OpenEBS ZFS Local PV: Slow Pod Startup with fsGroup

Problem

Pods using fsGroupChangePolicy: OnRootMismatch with OpenEBS ZFS Local PV (openebs-zfspv StorageClass, fstype: zfs) experience slow startup. kubectl describe pod shows:

Warning  VolumePermissionChangeInProgress  Setting volume ownership for <path>
is taking longer than expected, consider using OnRootMismatch

The kubelet recursively walks the entire volume on every pod start, even though fsGroupChangePolicy: OnRootMismatch is configured in the pod security context.

Root Cause

The kubelet (pkg/volume/volume_linux.go) skips the recursive chown only when all three conditions are met on the volume root directory:

GID matches fsGroup
Permissions are a superset of required (0770 for rw)
setgid bit is set (chmod g+s)

OpenEBS ZFS CSI driver creates datasets without the setgid bit and with insufficient permissions (typically 0700). The kubelet's fsGroup pass applies chmod(info.Mode()|mask) which adds setgid + group permissions, but on the next pod start the root directory is back to 0700 without setgid — the kubelet resets it during every mount cycle.
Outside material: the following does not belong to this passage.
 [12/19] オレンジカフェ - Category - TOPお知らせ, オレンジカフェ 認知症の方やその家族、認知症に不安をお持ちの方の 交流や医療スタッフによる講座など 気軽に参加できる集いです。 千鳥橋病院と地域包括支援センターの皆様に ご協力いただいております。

Why `chmod 2770` doesn't persist

We attempted to manually set chmod 2770 on the volume root after the kubelet finished its permission pass. This appeared to work (2770 drwxrws---), but on the next pod restart the kubelet re-applied its fsGroup pass and reset the root directory back to 0700 drwx------. The kubelet's volume ownership logic runs at mount time on every pod start, overwriting any manual permission changes.
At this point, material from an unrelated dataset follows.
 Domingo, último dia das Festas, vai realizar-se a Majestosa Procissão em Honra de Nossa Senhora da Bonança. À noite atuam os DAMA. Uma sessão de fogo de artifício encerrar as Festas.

This is a known limitation: kubernetes/kubernetes#105435, kubernetes/kubernetes#133892. The CSI driver has no fsGroupPolicy field in its CSIDriver spec and no StorageClass parameter for default permissions.

How to Diagnose

Check events for VolumePermissionChangeInProgress warnings:

kubectl describe pod <pod> -n <ns> | grep -A2 VolumePermissionChangeInProgress

Check the volume root permissions via the ZFS node daemonset on the target node:

ZFS_POD=$(kubectl get pod -n zfs-localpv -o jsonpath='{.items[?(@.spec.nodeName=="<node>")].metadata.name}')
PVC_UID=$(kubectl get pvc <pvc-name> -n <ns> -o jsonpath='{.metadata.uid}')
POD_UID=$(kubectl get pod <pod> -n <ns> -o jsonpath='{.metadata.uid}')

kubectl exec -n zfs-localpv $ZFS_POD -c openebs-zfs-plugin -- \
  stat /var/lib/kubelet/pods/$POD_UID/volumes/kubernetes.io~csi/$PVC_UID/mount

Expected failing state:
```
Access: (0700/drwx------)  Uid: (10000)   Gid: (10000)
```
Missing: setgid bit (s in group permissions) and 0770 mode.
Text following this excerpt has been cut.